End of a fixed rate deal: Like any homeowner, when your fixed rate or tracker deal comes to an end, you risk moving onto your lender's standard variable rate, which is almost always more expensive. Remortgaging to a new deal can save you significant money each month.
Posting to a new location: If you are posted to a different part of the country or overseas, you may need to let your property while you are away. This could require a change from a residential mortgage to a consent-to-let or buy-to-let arrangement.
Leaving the forces: When you transition from military to civilian life, your income structure changes. Remortgaging before you leave, while you can demonstrate a stable military salary, can be advantageous.
Using the Forces Help to Buy scheme: If you initially bought your home with a Forces Help to Buy loan, remortgaging at the end of your initial deal is an opportunity to reassess your overall mortgage and repayment strategy.

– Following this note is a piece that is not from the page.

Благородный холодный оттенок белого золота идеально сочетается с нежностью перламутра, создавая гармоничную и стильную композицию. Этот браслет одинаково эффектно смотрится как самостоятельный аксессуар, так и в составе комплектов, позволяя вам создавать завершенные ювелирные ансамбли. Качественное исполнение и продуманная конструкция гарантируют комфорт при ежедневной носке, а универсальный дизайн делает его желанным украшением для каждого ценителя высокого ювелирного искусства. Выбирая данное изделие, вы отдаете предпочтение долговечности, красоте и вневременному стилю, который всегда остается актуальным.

Releasing equity: You may want to access funds for home improvements, debt consolidation, or to help a family member. Your property equity can be a valuable financial resource.

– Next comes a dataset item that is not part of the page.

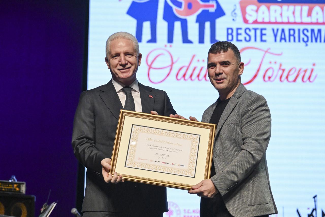 Ödül töreninde konuşan Kültür ve Turizm Bakanı Mehmet Nuri Ersoy, çocukların yalnızca yarını değil, umutla kurulan bir geleceği de hatırlattığını dile getirerek, "Paylaşmanın değerini, karşılıksız sevmenin en temiz halini çoğu zaman onlardan öğreniriz. Masum düşleriyle dünyayı güzelleştiren çocuklarımız, ilhamın en güçlü kaynağıdır. İşte biz de bu ilhamla, çocuklarımızı sanatla buluşturmak, onların yeteneklerini desteklemek, Türk müziğinin köklü mirasını çocuk sesleriyle yarınlara taşımak için Türk Müziği Çocuk Şarkıları Beste Yarışması'nı hayata geçirdik." ifadelerini kullandı.

Whatever your reason, understanding how lenders view military applicants and what documentation you need will help you secure the best possible deal.

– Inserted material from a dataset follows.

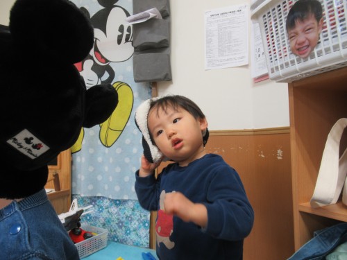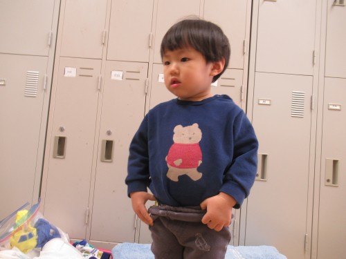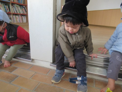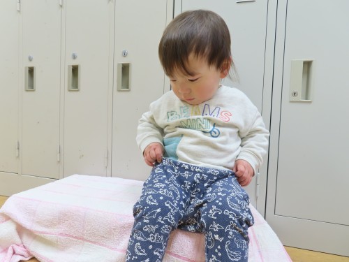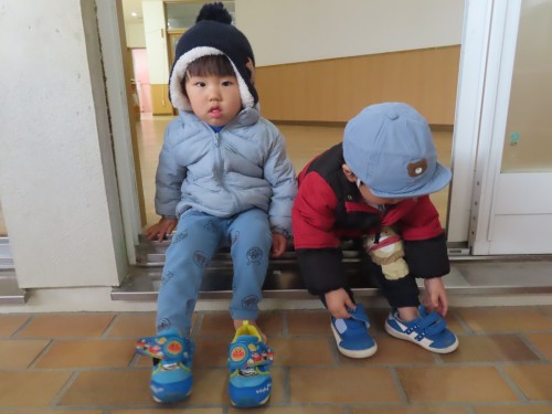 かもめ組では自分で靴をはいたり、自分でズボンをはいたり、自分で帽子や上着を着ることを頑張っています。

How Lenders View Military Income
One of the biggest advantages military personnel have when applying for a mortgage is the stability of their income. The armed forces offer a guaranteed salary, regular pay increases, and a pension that is widely regarded as one of the best employer schemes in the country.
Most lenders will consider the following elements of military pay when assessing affordability:
- Basic salary -- your core military pay, which is considered highly reliable income
- X-Factor supplement -- the additional payment made to compensate for the unique conditions of military service, usually accepted as regular income
- Longer Separation Allowance (LSA) -- some lenders will include this in their affordability assessment if it is received regularly
- Operational allowances -- payments received during deployments may be considered by some lenders, though not all
- Specialist pay -- additional payments for skills such as flying pay, diving pay or linguistic qualifications
Lenders vary in which allowances they include in their calculations. A broker who specialises in military mortgages will know which lenders take the most generous view of your total income package, potentially allowing you to borrow more.
Your military pension also strengthens your application. The Armed Forces Pension Scheme is a defined benefit scheme, which means you are guaranteed a specific income in retirement. Lenders view this very favourably when assessing long-term affordability.
Forces Help to Buy and Remortgaging
The Forces Help to Buy (FHTB) scheme has helped thousands of military personnel get onto the property ladder since its introduction in 2014. Under the scheme, eligible service personnel can borrow up to 50% of their annual salary, interest-free, to put towards a deposit or other property purchase costs.
If you used FHTB when you first bought your property, there are specific considerations when it comes to remortgaging.
Repaying the FHTB loan: The loan is interest-free for the first year, and then you repay it over the following nine years through deductions from your salary. When remortgaging, your lender will need to know about this ongoing commitment as it affects your affordability. Some borrowers choose to repay the FHTB loan early from equity released through the remortgage, though this needs to be weighed against the cost of additional borrowing.
Increased equity: If your property has increased in value since you bought it, you may have built up significant equity. Combined with the capital repayments you have made on your mortgage, this could give you access to much better loan-to-value ratios and lower interest rates when you remortgage.
Changing lender: There is no restriction on remortgaging to a different lender if you have an FHTB loan. The FHTB loan remains a separate commitment repaid through your salary regardless of your mortgage arrangements.
If you are approaching the end of your initial mortgage deal and you used FHTB, it is a good time to speak with a mortgage adviser about your options. You may find that you can significantly reduce your monthly payments by switching to a more competitive rate.